JP2006039168A - Image forming apparatus - Google Patents

Abstract

<P>PROBLEM TO BE SOLVED: To prevent ozone and TVOC generated within an image forming apparatus from being discharged out of the apparatus, by steadily decomposing and removing them within the apparatus for a long time. <P>SOLUTION: The image forming apparatus incorporates: a photocatalyst sheet 14 having a photocatalyst; a light source 13 for irradiating the photocatalyst sheet 14 with light including a wavelength in a ultraviolet ray area; and an exhaust purification unit 1 having an air intake fan 12. <P>COPYRIGHT: (C)2006,JPO&NCIPI

Description

  The present invention relates to an image forming apparatus such as a copying machine, a printer, and a facsimile, and more particularly to an image forming apparatus that removes ozone generated in the apparatus.

  In an image forming apparatus using an electrostatic copying process, a charging unit that uniformly charges a photoconductor, a transfer unit that transfers a toner image on the photoconductor to a transfer sheet, and a toner neutralization unit that neutralizes residual toner on the photoconductor Is widely used, and ozone is generated by this corona discharge. If ozone is discharged outside the apparatus, it may adversely affect the human body, and the odor may cause discomfort to surrounding people.

Thus, for example, Patent Document 1 proposes a technique for providing a filter to adsorb ozone and preventing ozone from being discharged outside the apparatus. Patent Document 2 proposes a technique in which a photocatalyst layer is provided on a casing of a charging unit that performs corona discharge, and the generated ozone is decomposed and removed by the photocatalyst layer.
Japanese Patent Laid-Open No. 10-307525 (Claims (0013) to (0017)) JP-A-11-282318 (Claims (0052) to (0060))

  However, the adsorption removal of ozone by the filter has a problem that the adsorption performance of the filter drops in a short period of time due to the adsorption of ozone, and the user or serviceman must frequently replace the filter.
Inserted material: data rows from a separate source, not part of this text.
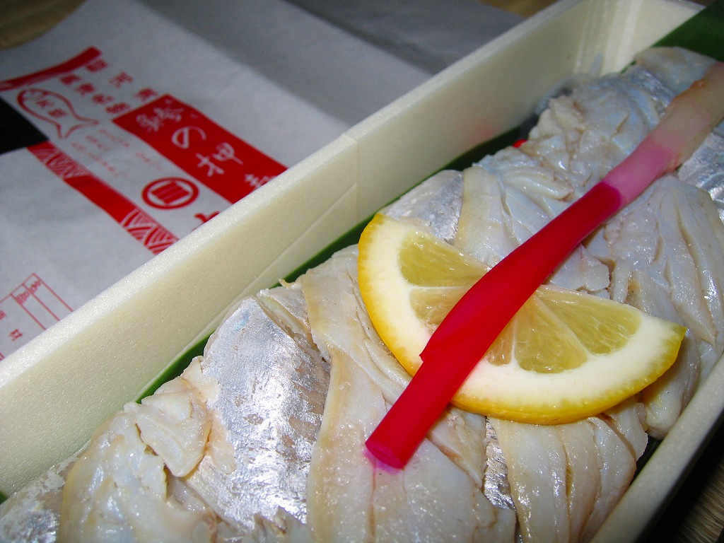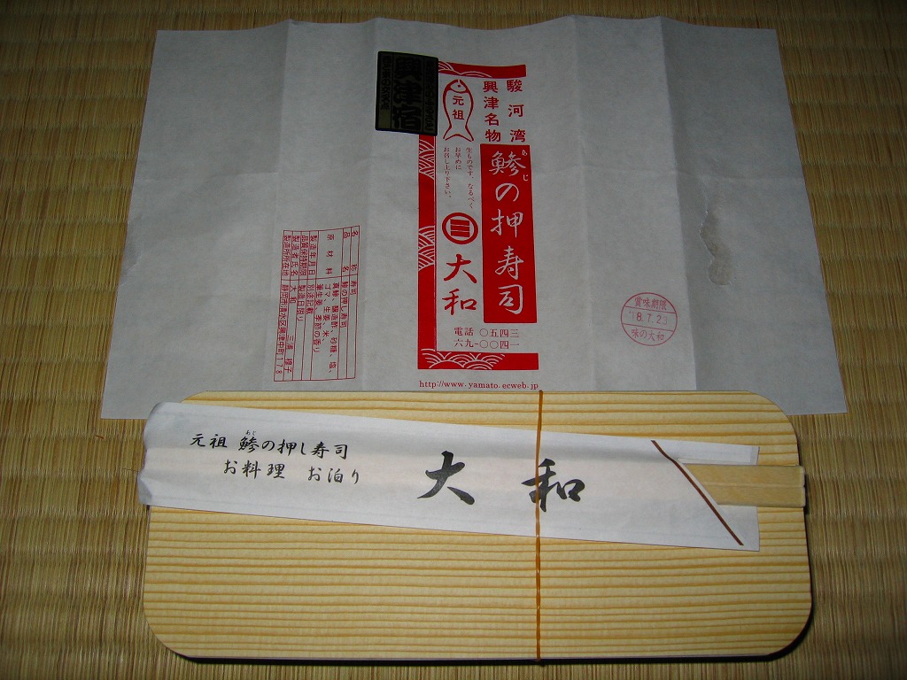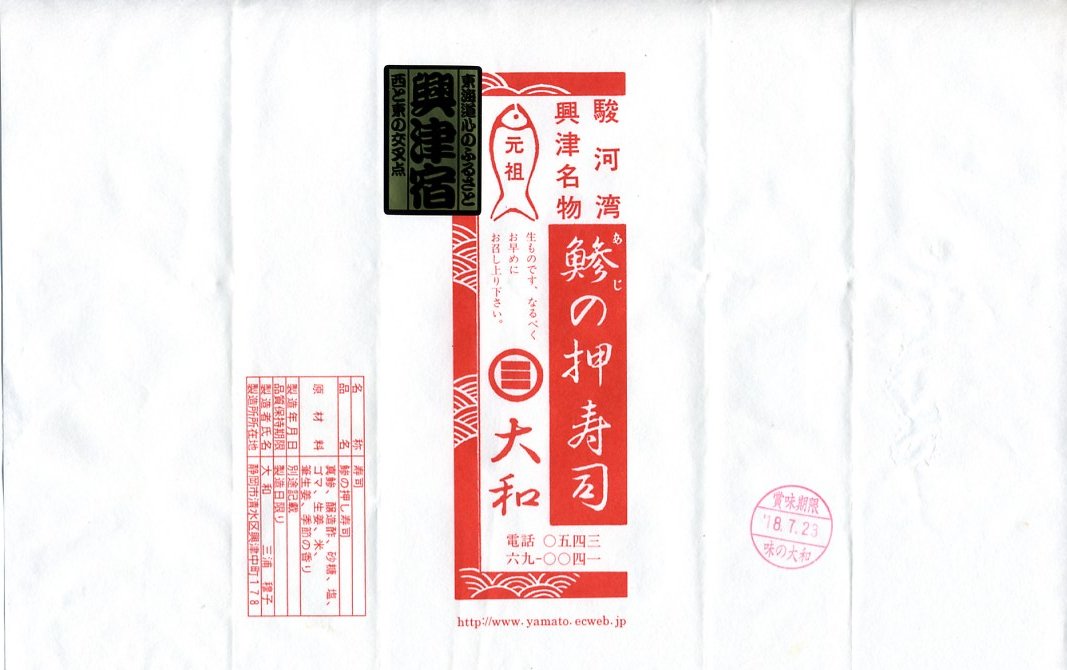 静岡地区の駅のキヨスクで、幅広く売られているらしい駅売り商品。細長い容器に木目調の紙ぶたをして、割りばしを置いて輪ゴムでしばり、掛紙を巻いてセロテープで留める。中身はアジの押寿司1本が、笹の葉を敷いて、レモンと生姜を載せて、醤油を添えて置かれるもの。味はまあまあ。雑なつくりに手作り感がある。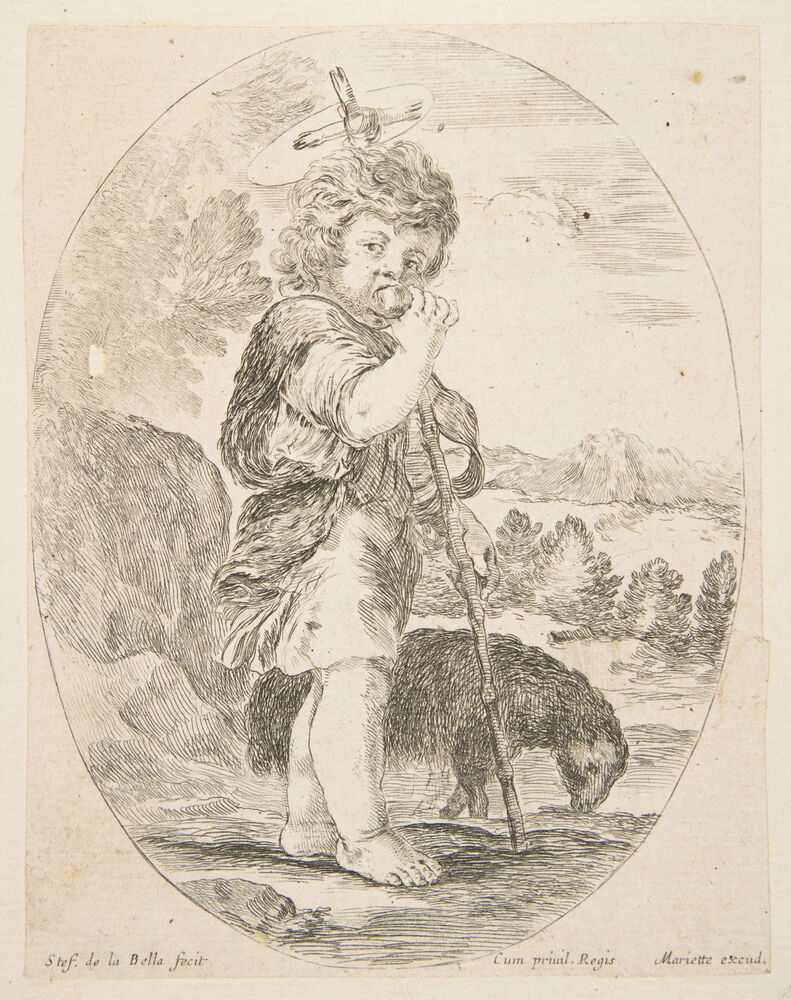 Saint John the Baptist eating a piece of fruit, an oval composition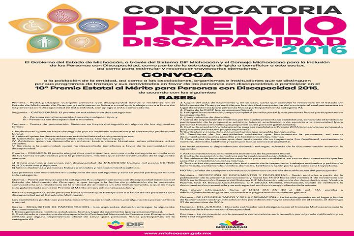 NOTICIAS 02/11/2016Abierta la convocatoria al 10° Premio Estatal al Mérito para Personas con discapacidad 2016El Gobierno del Estado de Michoacán a través del Sistema para el Desarrollo Integral de la Familia (DIF) Michoacán y el Consejo Michoacano para la Inclusión de las Personas con Discapacidad invitan a participar en el 10° Premio Estatal al Mérito para Personas con Discapacidad 2016.

In addition, in the method in which the photocatalyst layer is provided on the casing of the charging unit and ozone is decomposed and removed, most of the generated ozone is released to the outside of the casing before being decomposed by the photocatalyst layer, and the desired effect cannot be obtained. There was a problem.

  In addition, volatile organic components (“TVOC”) are generated from a PCB (Polychlorobiphenyl) substrate disposed in the apparatus and toner when heat-fixed. If this TVOC is discharged out of the apparatus, it may adversely affect the human body and the like, as well as ozone, and the odor may cause discomfort to the person. However, the awareness of TVOC problems has not been high so far, and only measures have been taken to remove TVOC at the same time using a filter for removing ozone. As described above, the adsorption removal method using a filter has an essential problem that the adsorption performance of the filter is reduced in a short period of time.

  Accordingly, the present invention has been made in view of such conventional problems, and an object of the present invention is to provide an image forming apparatus capable of stably removing ozone and TVOC generated in the apparatus over a long period of time. It is in.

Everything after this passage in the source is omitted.